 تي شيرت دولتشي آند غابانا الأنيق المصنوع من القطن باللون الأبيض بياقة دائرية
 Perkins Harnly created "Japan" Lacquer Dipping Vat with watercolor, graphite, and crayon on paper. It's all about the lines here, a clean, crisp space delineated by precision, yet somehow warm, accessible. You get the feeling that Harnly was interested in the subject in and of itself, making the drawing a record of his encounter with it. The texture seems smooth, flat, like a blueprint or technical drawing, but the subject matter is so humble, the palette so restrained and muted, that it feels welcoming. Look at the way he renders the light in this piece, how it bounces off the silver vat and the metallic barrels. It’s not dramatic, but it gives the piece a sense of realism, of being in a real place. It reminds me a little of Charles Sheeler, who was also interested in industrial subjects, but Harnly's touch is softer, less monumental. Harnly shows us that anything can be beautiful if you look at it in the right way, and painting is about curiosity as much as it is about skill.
──────────
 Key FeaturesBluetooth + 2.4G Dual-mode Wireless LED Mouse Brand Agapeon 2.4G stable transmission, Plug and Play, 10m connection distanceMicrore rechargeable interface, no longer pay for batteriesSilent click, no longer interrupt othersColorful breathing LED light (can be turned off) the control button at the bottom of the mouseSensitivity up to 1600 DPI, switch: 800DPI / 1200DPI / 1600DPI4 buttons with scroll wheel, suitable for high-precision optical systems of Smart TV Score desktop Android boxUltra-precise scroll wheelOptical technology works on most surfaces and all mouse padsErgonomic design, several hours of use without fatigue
──────────
:: What to do ::
Spot every line in the entries that includes the word "precision", and copy each one out.

:: The completed task ::
 Perkins Harnly created "Japan" Lacquer Dipping Vat with watercolor, graphite, and crayon on paper. It's all about the lines here, a clean, crisp space delineated by precision, yet somehow warm, accessible. You get the feeling that Harnly was interested in the subject in and of itself, making the drawing a record of his encounter with it. The texture seems smooth, flat, like a blueprint or technical drawing, but the subject matter is so humble, the palette so restrained and muted, that it feels welcoming. Look at the way he renders the light in this piece, how it bounces off the silver vat and the metallic barrels. It’s not dramatic, but it gives the piece a sense of realism, of being in a real place. It reminds me a little of Charles Sheeler, who was also interested in industrial subjects, but Harnly's touch is softer, less monumental. Harnly shows us that anything can be beautiful if you look at it in the right way, and painting is about curiosity as much as it is about skill.
 Key FeaturesBluetooth + 2.4G Dual-mode Wireless LED Mouse Brand Agapeon 2.4G stable transmission, Plug and Play, 10m connection distanceMicrore rechargeable interface, no longer pay for batteriesSilent click, no longer interrupt othersColorful breathing LED light (can be turned off) the control button at the bottom of the mouseSensitivity up to 1600 DPI, switch: 800DPI / 1200DPI / 1600DPI4 buttons with scroll wheel, suitable for high-precision optical systems of Smart TV Score desktop Android boxUltra-precise scroll wheelOptical technology works on most surfaces and all mouse padsErgonomic design, several hours of use without fatigue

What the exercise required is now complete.